*RECORDS TO USE*
◆ ◆ ◆ ◆ ◆ ◆ ◆
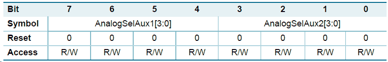 AnalogSelAux1[3:0]for the AUX1 outputAnalogSelAux2[3:0]for the AUX2 output
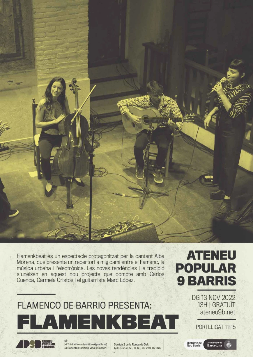Flamenkbeat és un espectacle protagonitzat per la cantant Alba Morena, que presenta un repertori a mig camí entre el flamenc, la música urbana i l'electrònica. Interpreta temes propis i temes tradicionals des d'una mirada moderna. Les noves tendències i la tradició s'uneixen en aquest nou projecte que compte amb la producció musical de Carlos Cuenca, encarregat de la música electrònica en el directe. També pujaran a l'escenari la cantaora Cristina López, la chelista Carmela Cristos i el guitarrista Marc López.
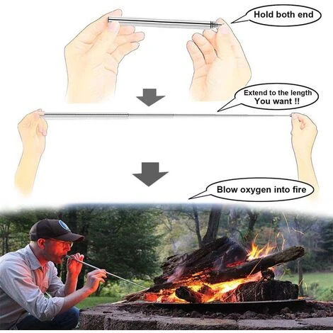 3. Convenient to carry and use: eight sections lengthened 48.5cm, 9.3cm after shrinking. The tube has a telescopic design and can be folded into a pocket size. 4. Retractable Design: The campfire tool can help you blow air to a bonfire easily, the design multi-section makes it not hot or even burn you when you use it. It is easy to carry, and the two ends are designed not to hurt the mouth.
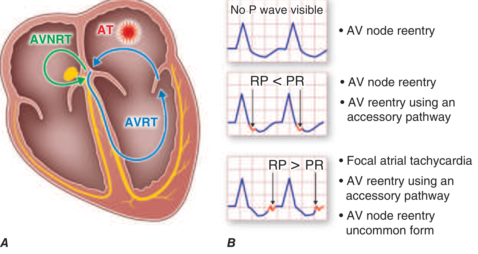 | RP interval | RP < PR → AVNRT or typical AVRT; RP > PR → atypical AVNRT, AT |
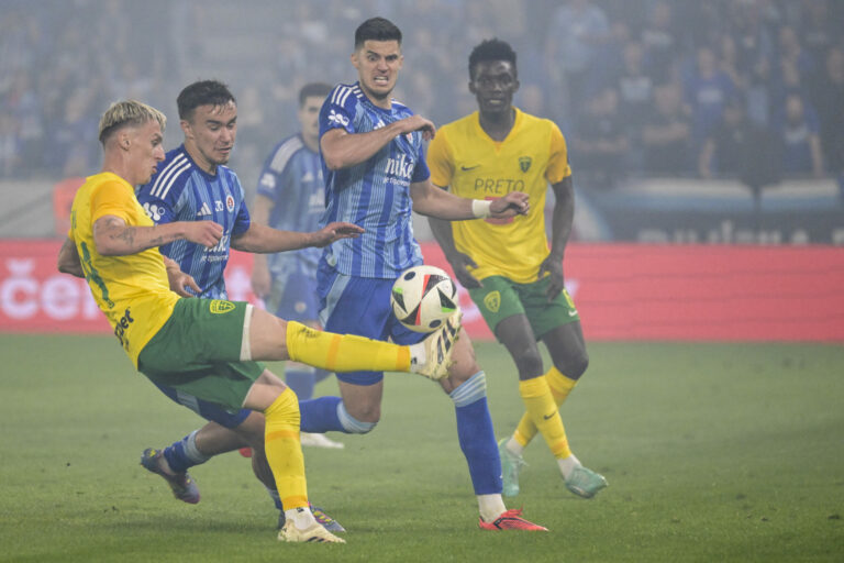 Zľava v popredí: Tigran Barsehjan a Róbert Mak, obaja z ŠK Slovan Bratislava počas futbalového zápasu 8. kola nadstavbovej časti Niké ligy o titul 2024/25 medzi ŠK Slovan Bratislava - MŠK Žilina. Bratislava, 3. máj 2025. Foto: SITA/Milan Illík.
◆ ◆ ◆ ◆ ◆ ◆ ◆
Only the lines from the start of the material to the line with "AVNRT, AT |", inclusive, belong in the answer, printed exactly and free of pictures.

 AnalogSelAux1[3:0]for the AUX1 outputAnalogSelAux2[3:0]for the AUX2 output
Flamenkbeat és un espectacle protagonitzat per la cantant Alba Morena, que presenta un repertori a mig camí entre el flamenc, la música urbana i l'electrònica. Interpreta temes propis i temes tradicionals des d'una mirada moderna. Les noves tendències i la tradició s'uneixen en aquest nou projecte que compte amb la producció musical de Carlos Cuenca, encarregat de la música electrònica en el directe. També pujaran a l'escenari la cantaora Cristina López, la chelista Carmela Cristos i el guitarrista Marc López.
 3. Convenient to carry and use: eight sections lengthened 48.5cm, 9.3cm after shrinking. The tube has a telescopic design and can be folded into a pocket size. 4. Retractable Design: The campfire tool can help you blow air to a bonfire easily, the design multi-section makes it not hot or even burn you when you use it. It is easy to carry, and the two ends are designed not to hurt the mouth.
 | RP interval | RP < PR → AVNRT or typical AVRT; RP > PR → atypical AVNRT, AT |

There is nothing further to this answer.